Calculate non-integer frequency with NumPy FFT

Question

I would like to calculate the frequency of a periodic time series using NumPy FFT. As an example, let's say my time series y is defined as follows:

import numpy as np
freq = 12.3
x = np.arange(10000)
y = np.cos(x * 2 * np.pi * freq / 10000)

If the frequency is an integer, I can calculate it using np.argmax(np.abs(np.fft.fft(y))). However, in case the frequency is not an integer, how do I calculate the frequency with more precision?

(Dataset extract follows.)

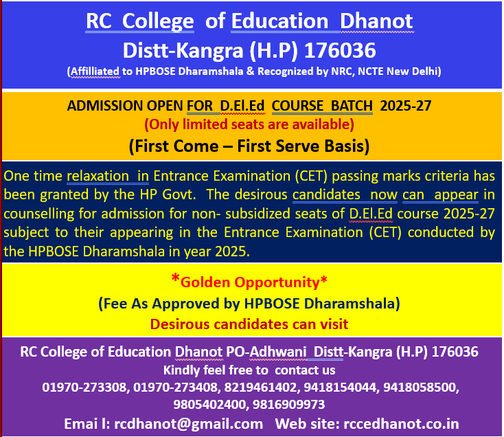 R.C. College of Education, Dhanot, P.O. Adhwani, Teh. Jawalamukhi Distt. Kangra (H.P.) has come into existence with the efforts of R. C. Shiksha Samiti Dhanot and the courtesy of Himachal Pradesh Govt., H.P. University Shimla, NCTE Jaipur and H.P. Board of School Education Dharamshala. This College is one of the oldest B.Ed. College in the area (successfully completed 8 sessions). The College introduced Teaching of B.Ed. Course in the year 2003 - 2004 with an annual intake of 60 students in B.Ed. in all the three streams (Medical, Non - Medical and Arts/Commerce).

EDIT: To clarify, we are not supposed to know how the time series y is generated. The above code snippet is just an artificial example of how a non-integer frequency could come up. Obviously if we already know the function that generates the time series, we don't need FFT to determine the frequency.

Answer 1

You can try using either interpolation or zero-padding (which is equivalent to entire vector interpolation) to potentially improve your frequency estimation, if the S/N allows. Sinc kernel interpolation is more accurate than parabolic interpolation.

Answer 2

You can pad the data with zeros before computing the FFT.

For example, here's your original calculation. It finds the Fourier coefficient with the maximum magnitude at frequency 12.0:

In [84]: freq = 12.3

In [85]: x = np.arange(10000)

In [86]: y = np.cos(x * 2 * np.pi * freq / 10000)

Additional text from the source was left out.